Work item
Look below for the line containing "IDAHO PROPERTY &", then write out that line and every line after it to the end, exactly, minus the pictures.

Information provided
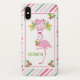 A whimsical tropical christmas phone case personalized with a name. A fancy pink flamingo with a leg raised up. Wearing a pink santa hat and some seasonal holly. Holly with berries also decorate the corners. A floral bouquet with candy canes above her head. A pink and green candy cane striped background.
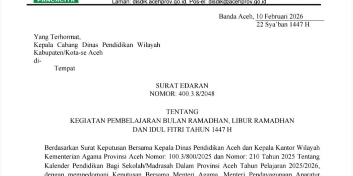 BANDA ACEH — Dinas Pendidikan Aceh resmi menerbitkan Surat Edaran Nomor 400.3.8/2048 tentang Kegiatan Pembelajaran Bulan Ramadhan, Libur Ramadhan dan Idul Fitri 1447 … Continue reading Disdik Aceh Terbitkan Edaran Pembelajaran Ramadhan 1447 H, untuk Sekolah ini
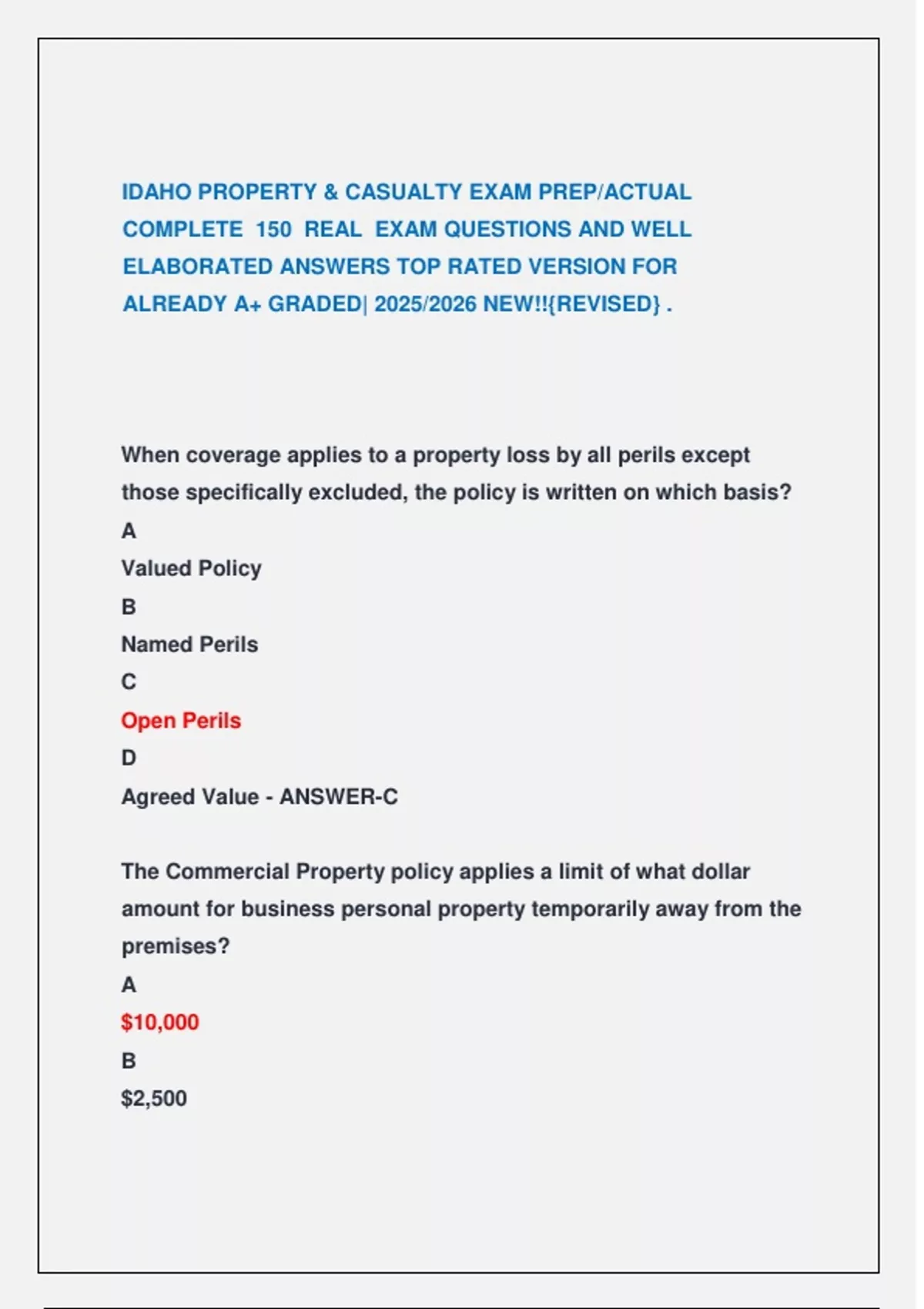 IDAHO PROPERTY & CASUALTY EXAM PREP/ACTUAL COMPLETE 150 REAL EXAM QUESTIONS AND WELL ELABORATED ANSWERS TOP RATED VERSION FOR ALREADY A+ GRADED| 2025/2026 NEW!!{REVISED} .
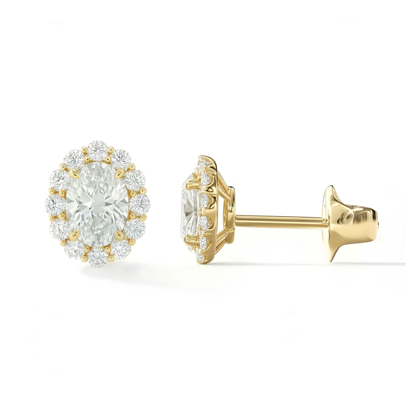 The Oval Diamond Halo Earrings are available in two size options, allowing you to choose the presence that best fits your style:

Answer to this problem
 IDAHO PROPERTY & CASUALTY EXAM PREP/ACTUAL COMPLETE 150 REAL EXAM QUESTIONS AND WELL ELABORATED ANSWERS TOP RATED VERSION FOR ALREADY A+ GRADED| 2025/2026 NEW!!{REVISED} .
 The Oval Diamond Halo Earrings are available in two size options, allowing you to choose the presence that best fits your style:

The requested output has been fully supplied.